▶ **Data listing**:

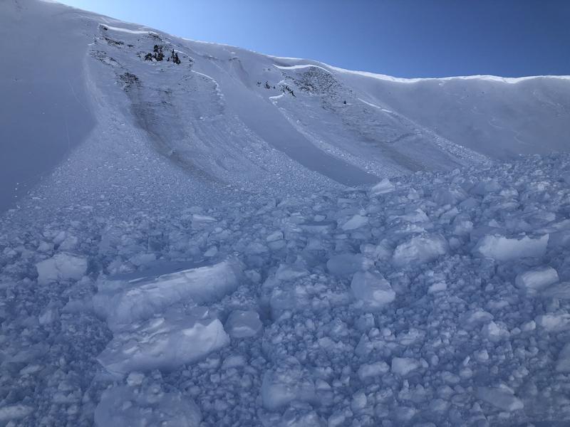 Triggered earlier in the week, this slide discovered by Michael Davis and Chad Bracklesberg in Soapstone Thursday, shows how avalanches triggered from a distance are still possible. Not particularly large, but it dumps into a gully feature or terrain trap below which heightens its consequences. Check out their great ob HERE.
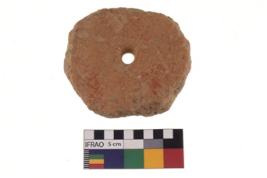 | Description / विवरण | A plain pottery disc with perforation. It is reddish in colour and has eroded edges. |
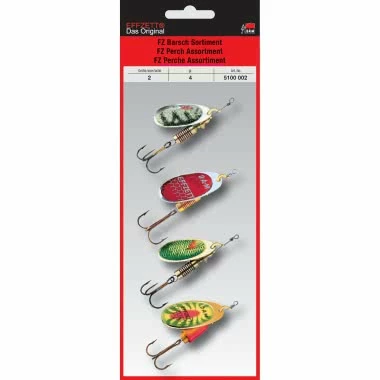 The DAM Effzett Perch Spinner Assortment is a universal set, consisting of 3 spinners in size 2, weight 4g.
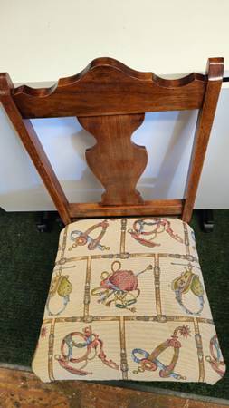 Walnut armless chair with upholstered seat with hound hunting themed fabric. Antique. Text 7two4-290-875six
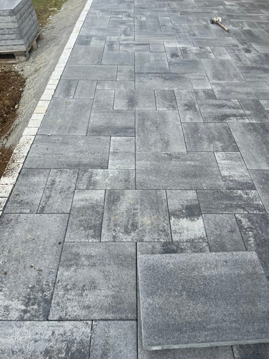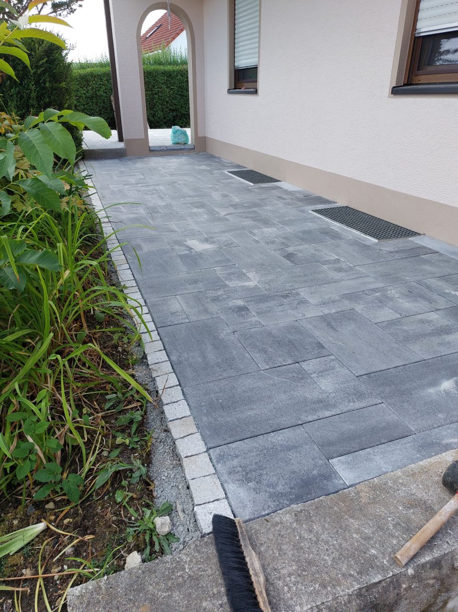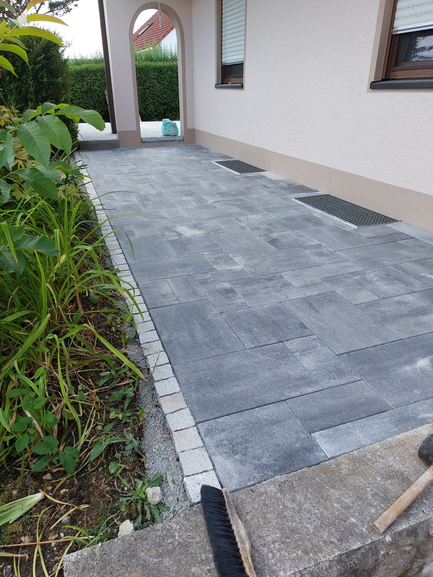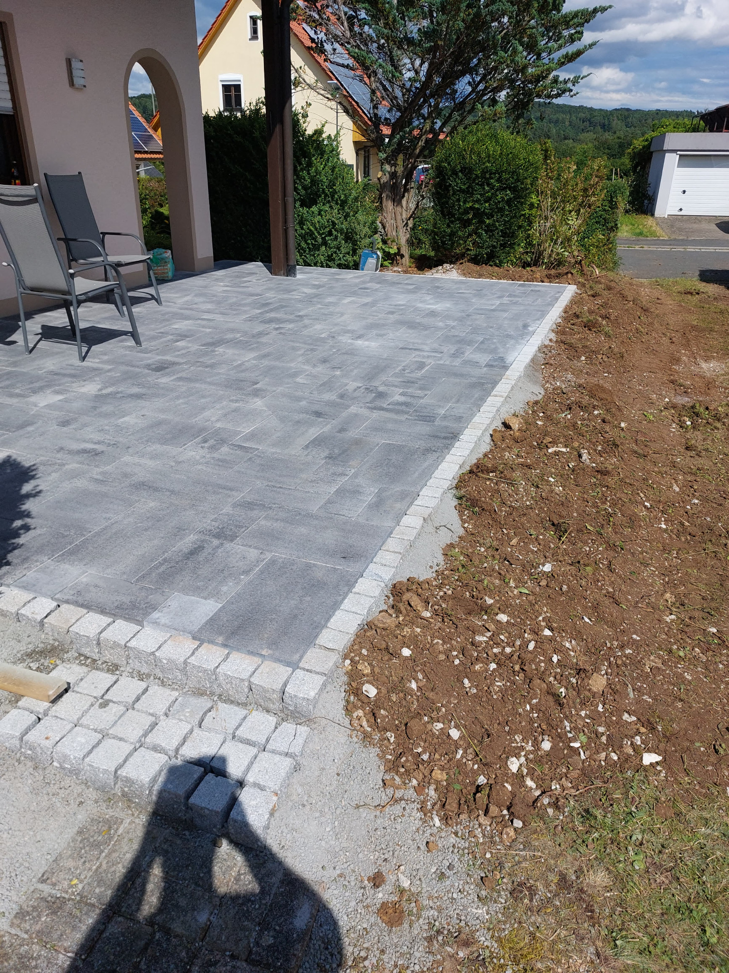 Hier wurde die Terrasse erweitert, mit neuen Randsteinen eingefasst und das Pflaster komplett neu verlegt.

▶ **What is needed**: Please reproduce the lines exactly from the one containing "eroded edges. |" through the last line of the data above, and keep the pictures out.

▶ **Written reply**:
 | Description / विवरण | A plain pottery disc with perforation. It is reddish in colour and has eroded edges. |
 The DAM Effzett Perch Spinner Assortment is a universal set, consisting of 3 spinners in size 2, weight 4g.
 Walnut armless chair with upholstered seat with hound hunting themed fabric. Antique. Text 7two4-290-875six
 Hier wurde die Terrasse erweitert, mit neuen Randsteinen eingefasst und das Pflaster komplett neu verlegt.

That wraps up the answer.